- _WORK ITEM_: For this exercise, output exactly and only the lines running from the one with "復習の後は、テストの時間です" through the final line of the data below, without pictures.

- _Data entries_:
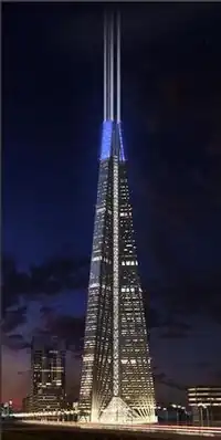 The total area of the structure would have covered 520,000 m2 (5,600,000 sq ft), of which approximately 200,000 m2 (2,200,000 sq ft) would have been underground. The tower would have contained 118 floors, 101 elevators, and 3,680 underground parking spaces. Commercial retail shops would have been located at the base of the building. The maximum capacity of the building was projected to be around 30,000 people.
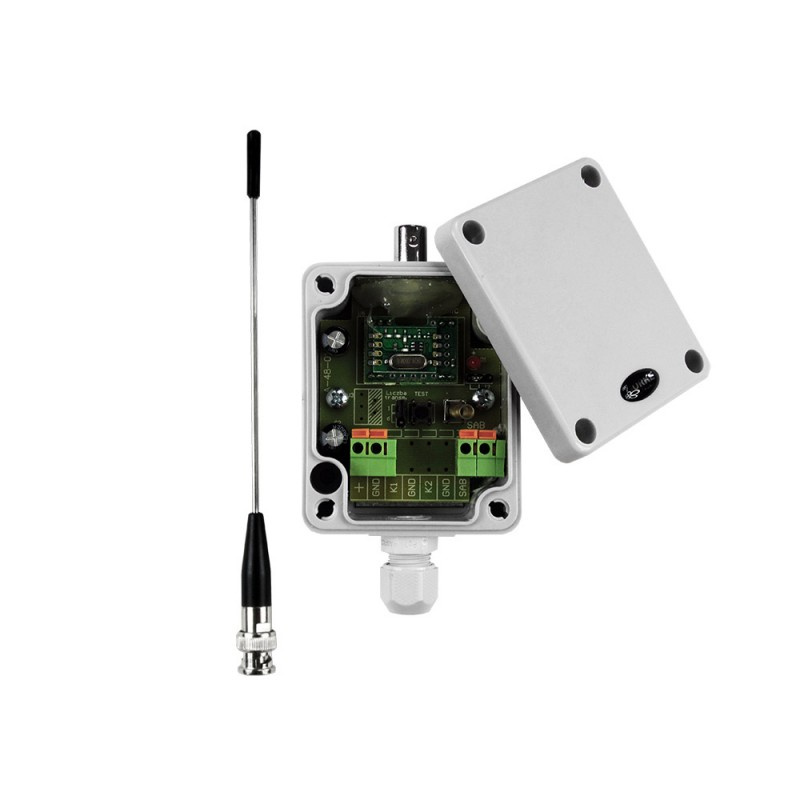 - Nadajnik 1-kanałowy, zasięgi we współpracy z odbiornikami z modułem H2 (np. OPC-K02, IDO-1000) - ok. 1 km, zasilanie: 10-15 VDC, IP65
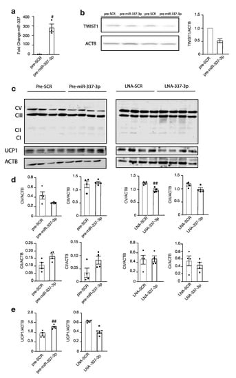 Figure 4. Modulation of miR-337-3p influences Twist1 and downstream thermogenic proteins. (a) RT-PCR analysis of mmu-miR-337-3p in murine brown adipocytes transfected with either precursor mmu-miR-337-3p or precursor scrambled molecule. (b) Western blot analysis of Twist-1 protein abundance of precursor mmu-miR-337-3p or precursor-scrambled transfected brown adipocytes and its quantification on the right (n = 2). (c) Western blot analysis of OXPHOS, Complex V-I, UCP1, and ACTB in brown adipocytes transfected with (left panel) either precursor mmu-miR-337-3p or precursor scrambled, or (right panel) transfected with LNA mmu-miR-337-3p inhibitor or scrambled inhibitor (n = 4 per group). (d) Quantification of OXPHOS Complex V-I protein abundance from (c) Western blot (e) Quantification of UCP1 protein abundance from (c) Western blot. Data are presented as means ± SEM, and individual data points are given by the dot plot. # p < 0.05, Independent sample t-test, equal variances not assumed * p < 0.05 Mann–Whitney-U for independent samples. ## p < 0.01, Independent sample t-test with equality of variances. n, number of biological replicas; OXPHOS, oxidative phosphorylation; UCP1, uncoupling protein 1; ACTB, beta-actin RT-PCR, quantitative real-time polymerase chain reaction.
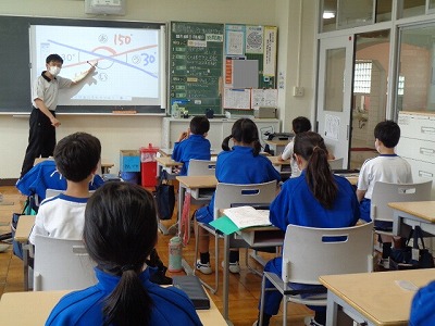 復習の後は、テストの時間です。難しい問題もありましたが、分度器を上手く使いこなし、黙々と解いていました。
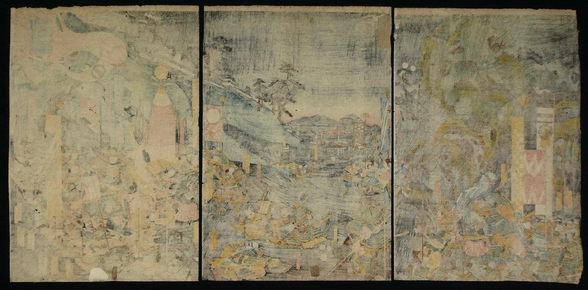 ◆三代歌川豊国 新田義貞鎌倉征伐軍配之図 三枚
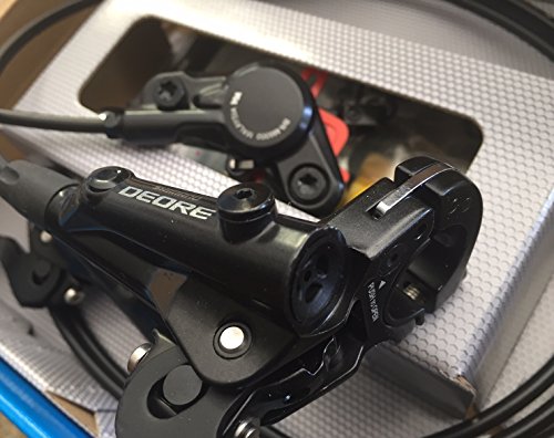 Set di freni Shimano M6000 2018. Colore: nero. . Anteriore con 100 mm di lato. . Posteriore con 170 mm laterale. . PURGATI E PRONTI PER USARE. . Kit per olive di regolazione laterali inclusi. . Adattatori non inclusi. FRENOS M615 DEORE DESCATALOGATI
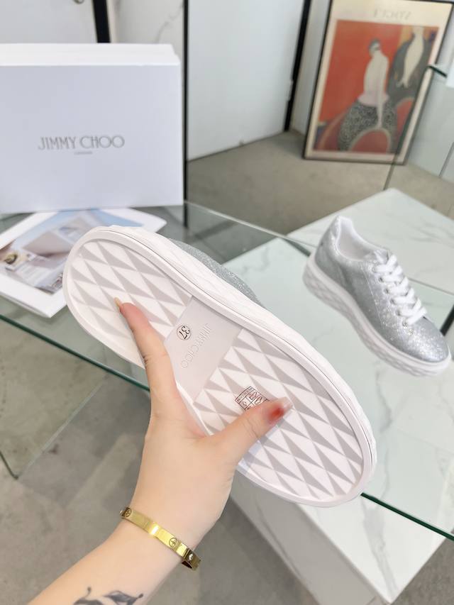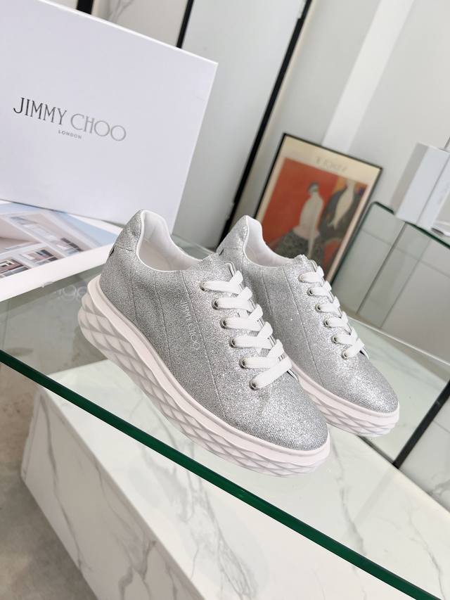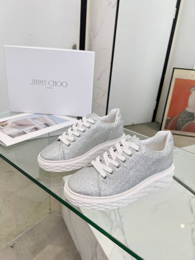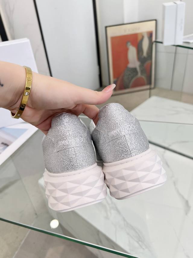 Jimmy Choo周仰杰 2024春夏jc新款diamond 运动鞋系列上新鞋面采用原版进口牛皮拼接鞋底采用品牌元素防钻石多面切割塑形立体感十足鞋底渐薄厚增高设计让视觉没有丝毫压迫感上脚更舒适一款时尚、舒适、百搭、奢华于一体的diamond运动鞋值得拥有♀
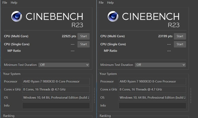 接下来是CineBenchR23的成绩,CPU的多核成绩从22925分提升至23199分,虽然提升的幅度不大,不过对于用户来说进行简单设置就能获得性能提升还是非常有价值的。
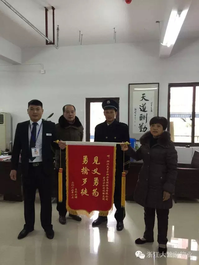 日前,悦林庄园的业主李女士到浙江大管家物业管理服务有限公司乐清分公司悦林庄园物业服务中心送上“见义勇为 勇擒歹徒”的锦旗。
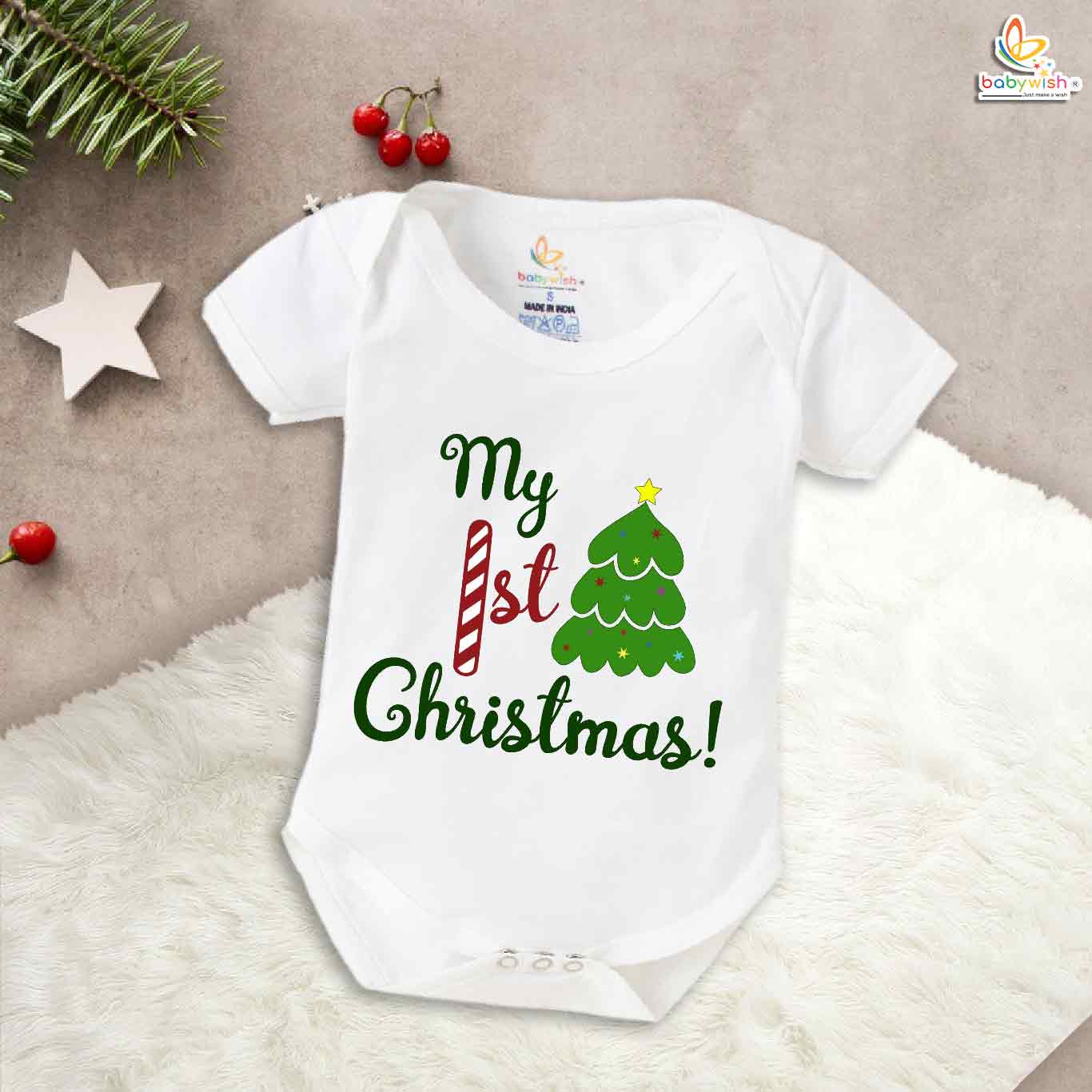 Babywish Christmas Romper Clothes for Babies, My First Merry Christmas Bodysuits, My 1st Christmas Theme Tree Outfit, Festive Holiday Onesies for Boys & Girls

- _FINISHED EXERCISE_:
 復習の後は、テストの時間です。難しい問題もありましたが、分度器を上手く使いこなし、黙々と解いていました。
 ◆三代歌川豊国 新田義貞鎌倉征伐軍配之図 三枚
 Set di freni Shimano M6000 2018. Colore: nero. . Anteriore con 100 mm di lato. . Posteriore con 170 mm laterale. . PURGATI E PRONTI PER USARE. . Kit per olive di regolazione laterali inclusi. . Adattatori non inclusi. FRENOS M615 DEORE DESCATALOGATI
 Jimmy Choo周仰杰 2024春夏jc新款diamond 运动鞋系列上新鞋面采用原版进口牛皮拼接鞋底采用品牌元素防钻石多面切割塑形立体感十足鞋底渐薄厚增高设计让视觉没有丝毫压迫感上脚更舒适一款时尚、舒适、百搭、奢华于一体的diamond运动鞋值得拥有♀
 接下来是CineBenchR23的成绩,CPU的多核成绩从22925分提升至23199分,虽然提升的幅度不大,不过对于用户来说进行简单设置就能获得性能提升还是非常有价值的。
 日前,悦林庄园的业主李女士到浙江大管家物业管理服务有限公司乐清分公司悦林庄园物业服务中心送上“见义勇为 勇擒歹徒”的锦旗。
 Babywish Christmas Romper Clothes for Babies, My First Merry Christmas Bodysuits, My 1st Christmas Theme Tree Outfit, Festive Holiday Onesies for Boys & Girls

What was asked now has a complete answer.